*DATA:*

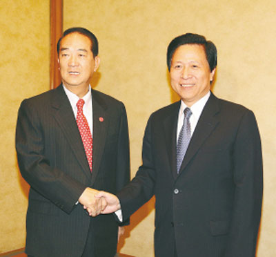 11月1日晚,中共江蘇省委書記、省人大常委會主任梁保華在南京金陵飯店會見了親民黨主席宋楚瑜和副主席張昭雄一行。中共江蘇省委副書記、省長羅志軍,海峽兩岸關系協(xié)會常務副會長李炳才,中共江蘇省委常委、南京市委書記朱善璐一同參加會見。
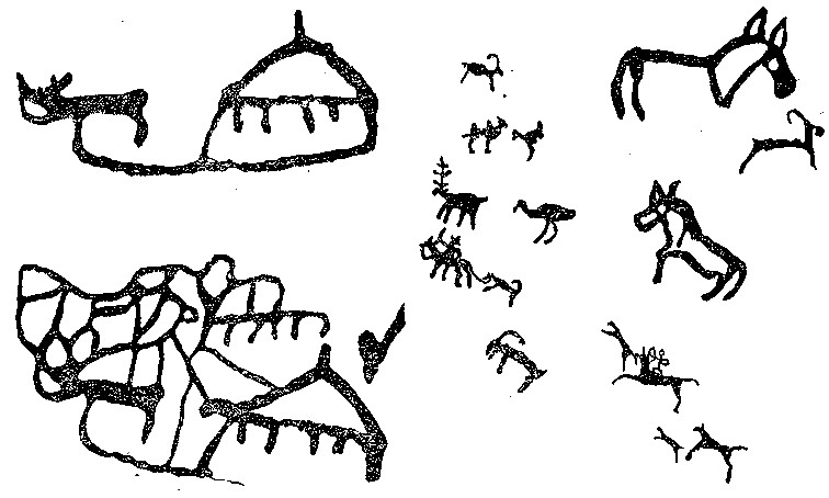 Рис. 63. Рисунки из окрестностей г. Кобдо (справа) и Среднегобийского аймака
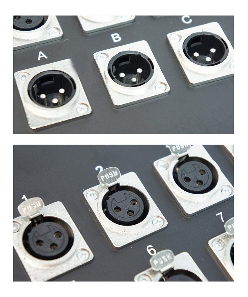 Simplificar la configuración en el escenario de nuestro cable Multicanal XLR de serpiente que están disponibles en una amplia gama de canales XLR y modelos de longitud de cable que son perfectas para el sonido en vivo o aplicaciones de estudio, eliminando las molestias de múltiples carreras confusas y voluminosos cables. Todas las conexiones están claramente marcadas en los extremos del cable con la información correspondiente en la propia caja de engranajes de hacer la identificación de una brisa. El cuadro de serpiente construcción de acero está diseñado para ser objeto de abuso y que utilizan conectores de gama alta para ambos en la entrada en la caja y el punto de transición de un solo cable a multi canales que simplemente no puede ser igualada. Los cables XLR cuentan con una chaqueta trenzada de nylon resistente construido a partir de 22 de calibre cobre libre de oxígeno con una doble espiral Escudo de rechazo de ruido superior.
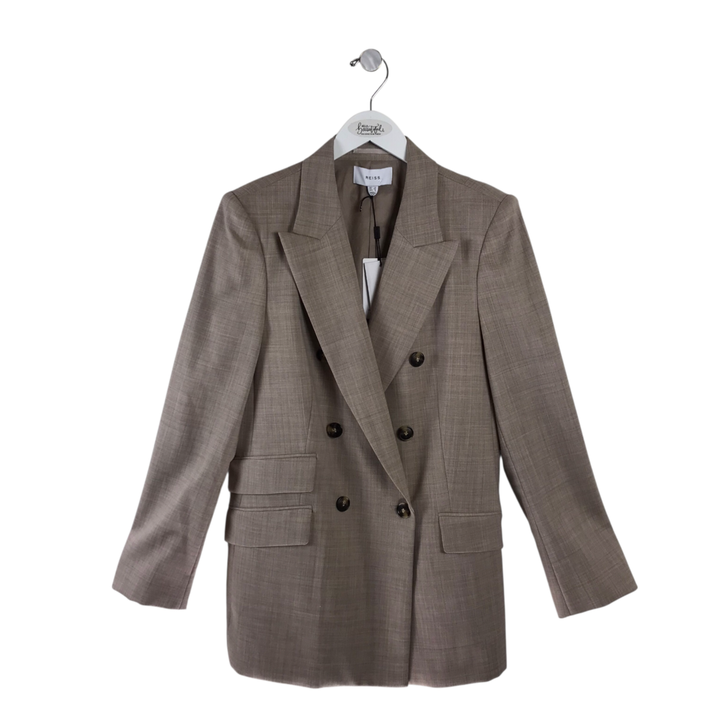 REISS NWT$515 WOOL BLEND DOUBLE BREASTED DESIGNER BLAZER BEIGE 8
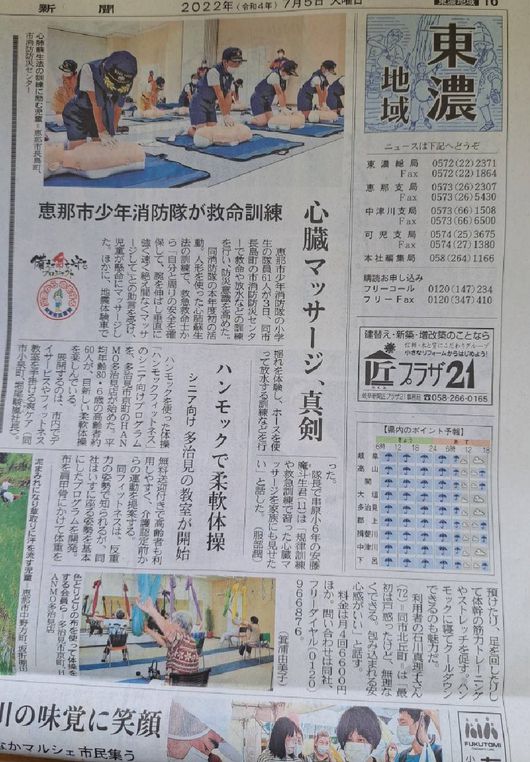 岐阜新聞さん東濃地域版に取り上げていただきました
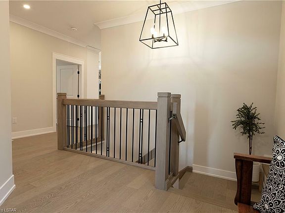 STUNNING IN STRATHROY BACKING ONTO THE GOLF COURSE! This fully finished 2+2 bedroom, 3 bath condo backing onto Caradoc golf course with breathtaking views in beautiful South Grove Meadows, offers a remarkable living experience. Stepping through the front door, a spacious foyer welcomes guests into the warm embrace of this stunning home. The attention to detail in things like the crown molding and gorgeous engineered hardwood flooring are very evident as you enter. The main level features a fantastic open concept layout with captivating views of the golf course from the kitchen equipped with elegant quartz countertops, a functional island with a breakfast bar, and a walk-in pantry. The living room and dining area are adorned with a vaulted ceiling, custom built-in cabinetry surrounding the modern electric fireplace, large bright windows framing the golf course views, and a patio walkout to the covered rear deck. The primary bedroom exudes sophistication with a modern feature wall, a walk-in closet, and a four-piece en-suite showcasing double sinks and a luxurious glass shower. Another bedroom on the main level which is also versatile for office use, a full 4 piece bath, laundry closet with stacking washer/dryer and access to the attached double car garage, offers convenience on all on one level. The lower level of the condo is impeccably finished with a spacious family room boasting custom cabinetry around the modern electric fireplace. Additionally, two generously sized bedrooms and a three-piece bath with a glass shower complete this level. The backyard is a standout feature with a large covered sundeck & mesmerizing views of the 17th hole at Caradoc Sands. Included are five appliances, enhancing the functionality of the home, alongside its great location in the south end of town close to shopping, restaurants, the dog park, and numerous amenities. There is also as a bonus visitor parking right across the rd. This home presents an opportunity not to be missed.

*WORK INSTRUCTION:*
None of the pictures should be copied, but every record above must be returned exactly.

*ANSWER SPACE:*
 11月1日晚,中共江蘇省委書記、省人大常委會主任梁保華在南京金陵飯店會見了親民黨主席宋楚瑜和副主席張昭雄一行。中共江蘇省委副書記、省長羅志軍,海峽兩岸關系協(xié)會常務副會長李炳才,中共江蘇省委常委、南京市委書記朱善璐一同參加會見。
 Рис. 63. Рисунки из окрестностей г. Кобдо (справа) и Среднегобийского аймака
 Simplificar la configuración en el escenario de nuestro cable Multicanal XLR de serpiente que están disponibles en una amplia gama de canales XLR y modelos de longitud de cable que son perfectas para el sonido en vivo o aplicaciones de estudio, eliminando las molestias de múltiples carreras confusas y voluminosos cables. Todas las conexiones están claramente marcadas en los extremos del cable con la información correspondiente en la propia caja de engranajes de hacer la identificación de una brisa. El cuadro de serpiente construcción de acero está diseñado para ser objeto de abuso y que utilizan conectores de gama alta para ambos en la entrada en la caja y el punto de transición de un solo cable a multi canales que simplemente no puede ser igualada. Los cables XLR cuentan con una chaqueta trenzada de nylon resistente construido a partir de 22 de calibre cobre libre de oxígeno con una doble espiral Escudo de rechazo de ruido superior.
 REISS NWT$515 WOOL BLEND DOUBLE BREASTED DESIGNER BLAZER BEIGE 8
 岐阜新聞さん東濃地域版に取り上げていただきました
 STUNNING IN STRATHROY BACKING ONTO THE GOLF COURSE! This fully finished 2+2 bedroom, 3 bath condo backing onto Caradoc golf course with breathtaking views in beautiful South Grove Meadows, offers a remarkable living experience. Stepping through the front door, a spacious foyer welcomes guests into the warm embrace of this stunning home. The attention to detail in things like the crown molding and gorgeous engineered hardwood flooring are very evident as you enter. The main level features a fantastic open concept layout with captivating views of the golf course from the kitchen equipped with elegant quartz countertops, a functional island with a breakfast bar, and a walk-in pantry. The living room and dining area are adorned with a vaulted ceiling, custom built-in cabinetry surrounding the modern electric fireplace, large bright windows framing the golf course views, and a patio walkout to the covered rear deck. The primary bedroom exudes sophistication with a modern feature wall, a walk-in closet, and a four-piece en-suite showcasing double sinks and a luxurious glass shower. Another bedroom on the main level which is also versatile for office use, a full 4 piece bath, laundry closet with stacking washer/dryer and access to the attached double car garage, offers convenience on all on one level. The lower level of the condo is impeccably finished with a spacious family room boasting custom cabinetry around the modern electric fireplace. Additionally, two generously sized bedrooms and a three-piece bath with a glass shower complete this level. The backyard is a standout feature with a large covered sundeck & mesmerizing views of the 17th hole at Caradoc Sands. Included are five appliances, enhancing the functionality of the home, alongside its great location in the south end of town close to shopping, restaurants, the dog park, and numerous amenities. There is also as a bonus visitor parking right across the rd. This home presents an opportunity not to be missed.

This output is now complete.